Adolescentes que concluíram o acompanhamento para diabetes no Hospital da Criança de Brasília José Alencar (HCB) celebraram a etapa com uma formatura simbólica. O evento, realizado na segunda-feira, dia 10, reuniu pacientes e seus familiares para compartilhar experiências e marcar a transição para o atendimento médico voltado a adultos. A celebração também coincidiu com as comemorações do Dia Mundial da Diabetes, celebrado anualmente em 14 de novembro.
O HCB é referência na rede pública do Distrito Federal para o tratamento de crianças e adolescentes diagnosticados com diabetes mellitus tipo 1, condição caracterizada pela deficiência na produção de insulina. A endocrinologista pediátrica do HCB, Paola Brugnera, explica que a doença surge quando o corpo ataca as células produtoras de insulina, geralmente manifestando-se na infância, embora possa ocorrer em outras fases da vida.
O programa de diabetes do hospital, em operação desde 2011, oferece mais do que simples consultas ambulatoriais. Pacientes e seus responsáveis participam ativamente de grupos educativos, palestras e aulas sobre contagem de carboidratos. A equipe multidisciplinar se dedica a melhorar a qualidade de vida dos pacientes, capacitando-os a assumir a responsabilidade pelos próprios cuidados. “É uma condição crônica, e eles precisam tomar decisões em relação a essa condição todos os dias,” destaca Brugnera, enfatizando a importância da educação continuada e do atendimento individualizado.

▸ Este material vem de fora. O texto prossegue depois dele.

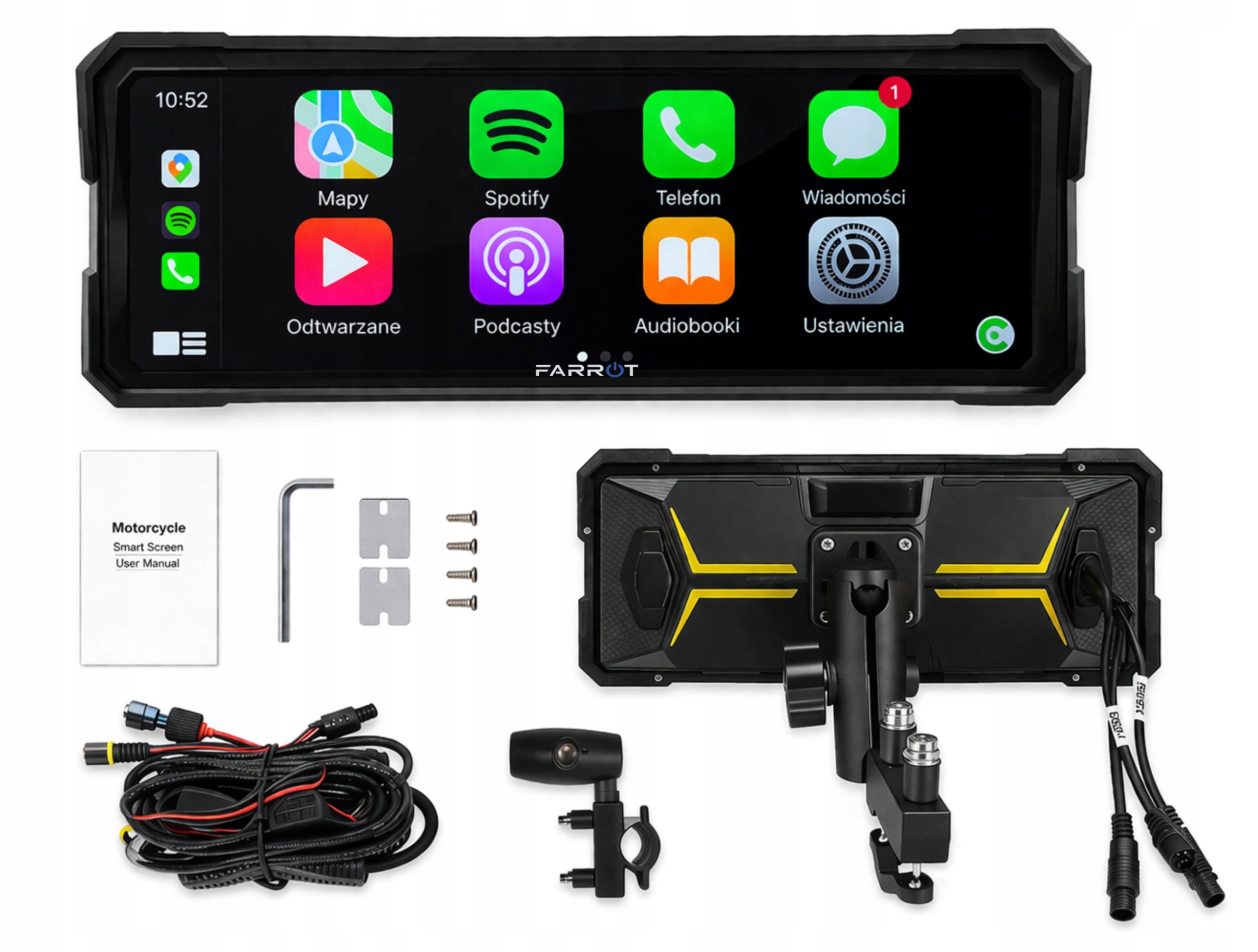 Ta moderna 8,1-palčna multimedijska postaja za motor je odlična rešitev za vse motoriste, ki želijo združiti udobje, varnost in tehnologijo. Naprava omogoča dostop do navigacije, glasbe, klicev in aplikacij – vse na enem mestu.

Atualmente, o programa acompanha cerca de 370 pacientes. A transição para o atendimento adulto, geralmente por volta dos 17 anos, é cuidadosamente planejada pela equipe multidisciplinar, que inclui endocrinologista, enfermeiro, psicólogo e nutricionista. A transferência é organizada pela Secretaria de Saúde (SES-DF), encaminhando cada paciente para uma unidade de saúde próxima de sua residência.
Marcella Santos, de 19 anos, é uma das adolescentes que já passaram por essa transição. Ela compartilha sua experiência: “Fui tratada aqui desde o início; já fiz a transição e estou indo para minha quarta consulta na clínica adulta.” Marcella destaca o apoio fundamental que recebeu da equipe do HCB, que sempre a incentivou a entender e participar das decisões sobre seu tratamento. “Há uns anos, por causa da diabetes, tive uma intercorrência no rim. Eu e a doutora Paola entramos em consenso para eu ficar internada por uma semana”.
A jovem ressalta que as orientações dos profissionais do HCB a ajudaram a construir uma relação positiva com a doença. “Sempre aprendi que a diabetes e eu somos uma coisa só; somos eu e a ‘Betinha’ e a gente vai viver junto para sempre. Eu tinha duas opções: ter um péssimo relacionamento com ela e não poder viver, ou aprender a viver com ela”.
A diabetes mellitus tipo 1 geralmente se manifesta na infância, e os pais devem estar atentos a sinais como sede excessiva, aumento da frequência urinária (especialmente à noite), infecções recorrentes e perda de peso inexplicável. Brugnera alerta que, se não diagnosticada precocemente, a condição pode evoluir para vômitos, dores abdominais e desidratação.
Durante a cerimônia de formatura, os participantes puderam comprovar que é possível ter uma vida normal seguindo o tratamento adequado. Victor Ferreira, de 17 anos, ainda em acompanhamento no HCB, afirmou: “Uma das coisas que a gente aprende aqui no hospital é que não temos que ter vergonha; aqui, ensinam tudo que a gente precisa saber tanto pelo lado emocional quanto pelo lado técnico”.
O evento também incluiu depoimentos inspiradores e momentos de troca de experiências entre pais e adolescentes, reforçando a importância do apoio mútuo e da informação para uma vida saudável com diabetes.